ITEM 3.   SOURCE AND AMOUNT OF FUNDS OR OTHER CONSIDERATION

     The information set forth in Item 3 of the Johnson Schedule 13D, the TCI
Schedule 13D and the Reporting Group Schedule 13D is hereby amended and
supplemented by adding the following information thereto:

     On March 15, 1998 the Company, Johnson, Liberty and a newly-formed
corporation which is wholly owned by Johnson and Liberty ("Buyer"), entered into
an Agreement and Plan of Merger (the "Merger Agreement") providing for the
merger (the "Merger") of Buyer with and into the Company. In the Merger, each
share of Class A Stock of the Company outstanding immediately prior to the time
the Merger is consummated (other than shares held by Johnson, Liberty, Buyer or
any of their respective subsidiaries, which will be cancelled, or shares held by
stockholders who have exercised their statutory right under the laws of the
state of Delaware to have such shares appraised and be paid the fair value
thereof ("Dissenting Shares")) will be converted into the right to receive
$63.00 payable entirely in cash, without any interest thereon (such cash paid
for the shares of Class A Stock is hereinafter referred to as the "Merger
Consideration"), and each outstanding share of common stock of Buyer will be
converted into one share of the common stock of the Company, as the surviving
corporation in the Merger (the "Surviving Corporation"). Each outstanding option
to purchase Class A Stock (other than those owned by Johnson), whether or not
then exercisable, shall be cancelled at the closing of the Merger and the holder
thereof will be paid an amount in cash equal to the difference between $63.00
and the exercise price of such option.

     The Reporting Persons have calculated that, assuming there are no
Dissenting Shares, approximately $471.6 million will be required to pay the
aggregate Merger Consideration due to stockholders and option holders of the
Company at the closing of the Merger. In addition, it is anticipated that an
aggregate of approximately $46 million will be required to pay all other
expenses and costs relating to the transactions, to refinance or finance certain
indebtedness of the Company, Black Entertainment Television, Inc. (a wholly
owned subsidiary of the Company), Buyer and certain principals of Buyer, and for
other general corporate purposes (the "Merger Expenses").

     On March 13, 1998, The Bank of New York Company, Inc. ("BNY") and BNY
Capital Markets, Inc. ("BNY Capital Markets") delivered a letter (the "BNY
Letter") to Johnson and Liberty to the effect that BNY and BNY Capital Markets
are highly confident as of the date of such letter, subject to certain
qualifications and conditions set forth therein, that they, directly or through
any of their affiliates, could successfully arrange and fully syndicate a $600
million senior secured credit facility for the purpose of (i) financing the
payment of the Merger Consideration in the Merger, (ii) paying all fees,
expenses and costs in connection with the Acquisition, (iii) refinancing the
existing revolving credit facility of Black Entertainment Television, Inc. and
(iv) general corporate purposes. A copy of the BNY Letter is filed as Exhibit 6
hereto and is incorporated herein by reference in its entirety.

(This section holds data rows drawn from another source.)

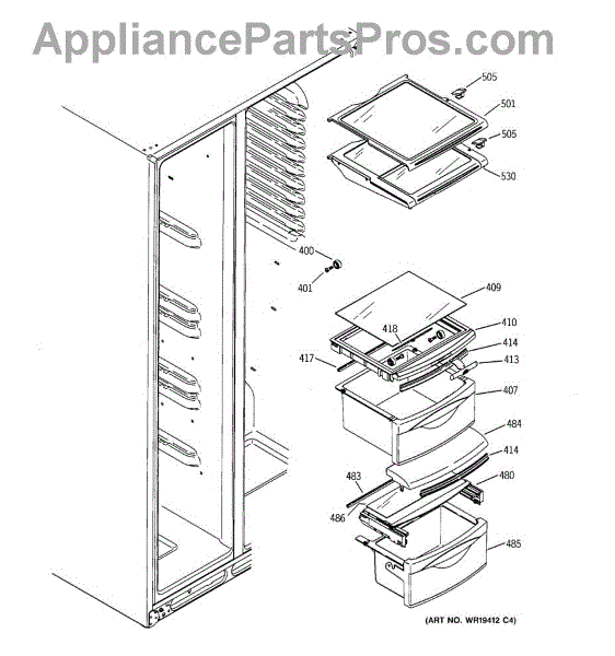 The Drawer Cover is an OEM replacement part for select GE refrigerator vegetable and deli drawers. It protects stored contents from dehydration, contaminants and prolonged illumination while keeping the drawers light-sealed. Proper drawer insulation optimizes food storage conditions. Causes of a bad drawer cover can include cracks and breaks from repeated drawer opening/closing stresses over time. Exposure to produce acids and moisture accelerates degradation of plastic sealing surfaces. Symptoms include:
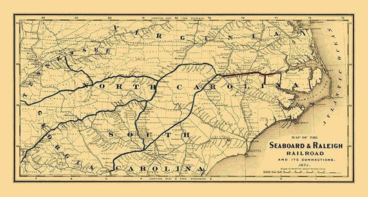 Seaboard and Raleigh Railroad - Colton 1874 White Modern Wood Framed Art Print with Double Matting by Colton
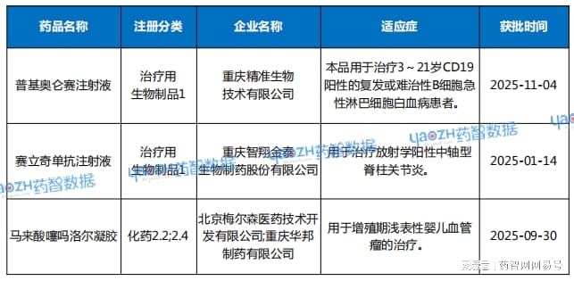 表1 2025年,重庆市获批的新药品种
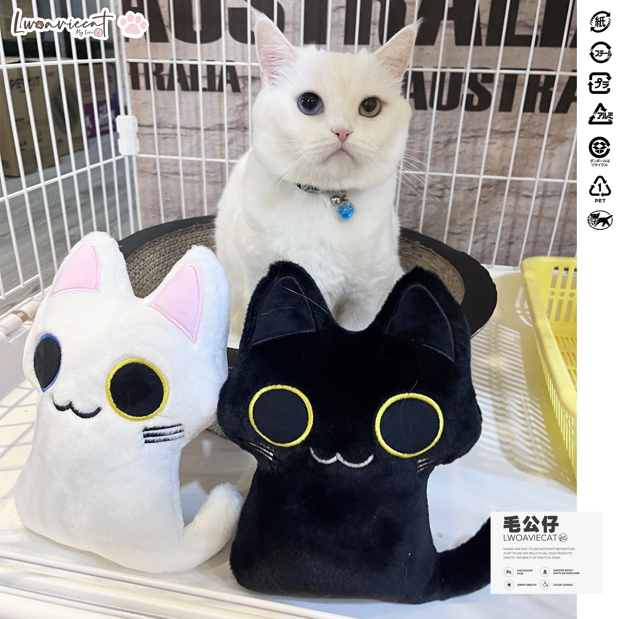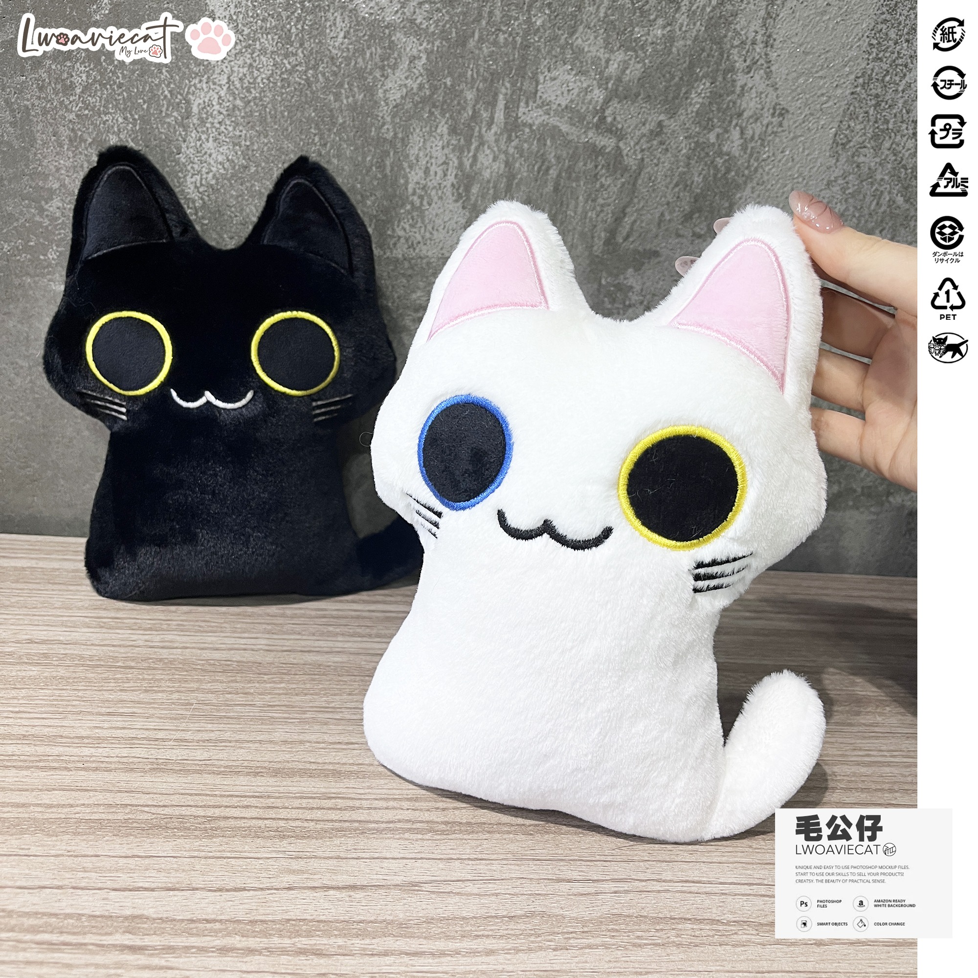 黑白貓瞳瞳豆豉毛公仔
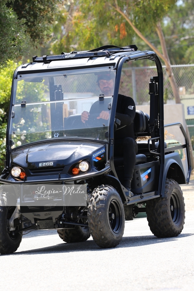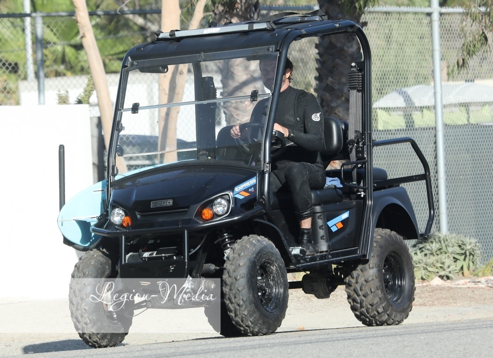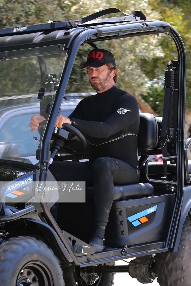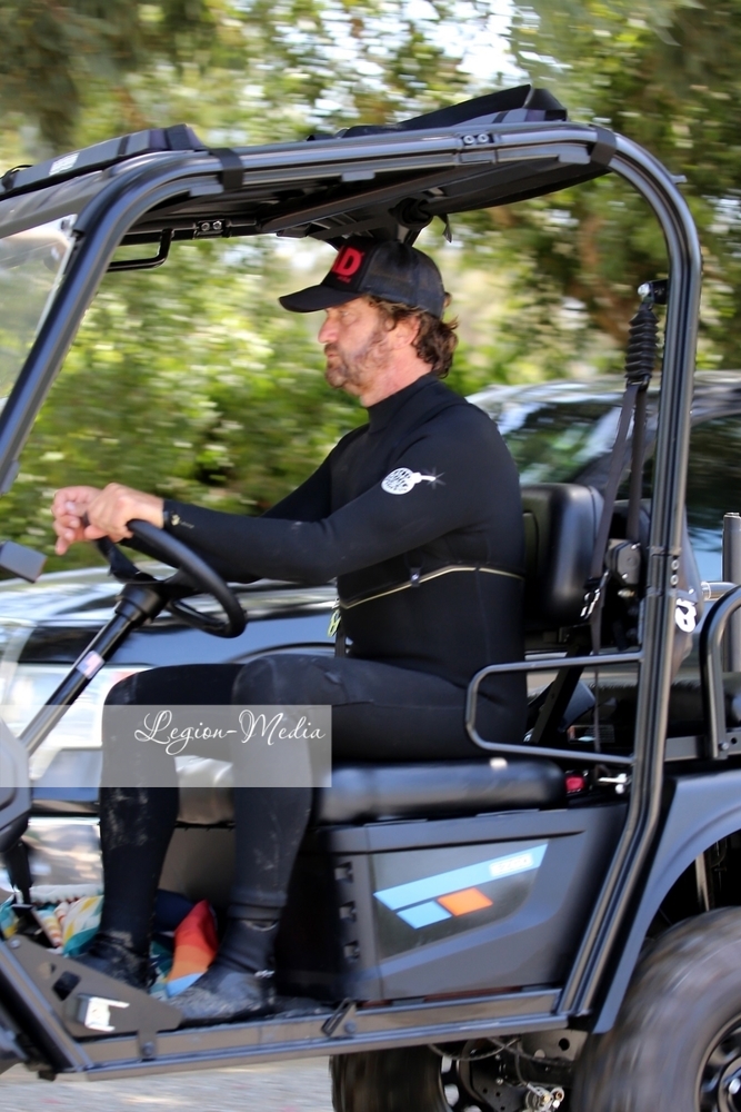 Gerard Butler Drives His Express Golf Cart Back To His House Wearing His Wetsuit After Getting In A Surf Session In Malibu.
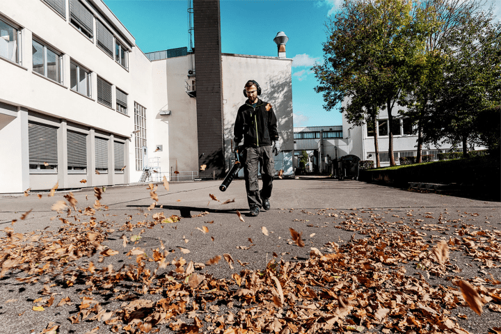 • Kraftvolles, leises Akku-Blasgerät zum zügigen Entfernen von Laub und Schmutz von Plätzen und Wegen
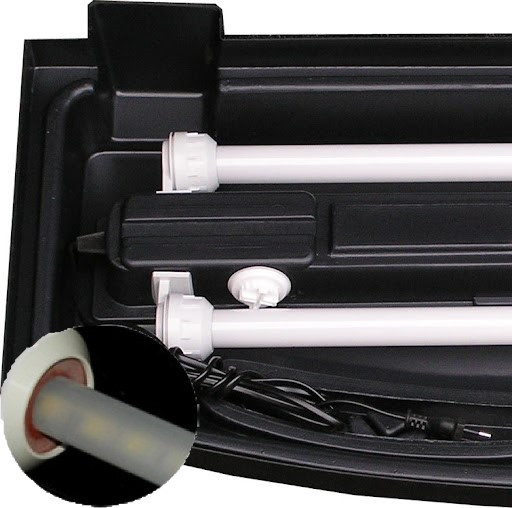 Wiwal dekoratív akvárium tető, beépített T8 LED fénycsöves világítása ideális fényviszonyokat biztosít az akváriumban. Pára- és cseppálló (IP68), teljesen biztonságos rendszer. Masszív műanyag tető, csökkenti a kipárolgást, megakadályozza a díszhalak kiugrását. Fedeles etetőnyílás, és hátsó kivezetőnyílás a csöveknek, vezetékeknek.

                               Page 5 of 9 pages

<PAGE>

     In addition, Buyer has agreed in the Merger Agreement to use its reasonable
efforts to obtain from an appropriate financial institution by May 15, 1998
(subject to reasonable extension) a firm commitment with respect to the
financing for the Merger Consideration and the Merger Expenses (the
"Financing"), which commitment would be subject to customary conditions for
transactions of this type. In the event Buyer is unable to obtain such a
commitment by such date (as such date may be extended), the Company will have
the option to terminate the Merger Agreement.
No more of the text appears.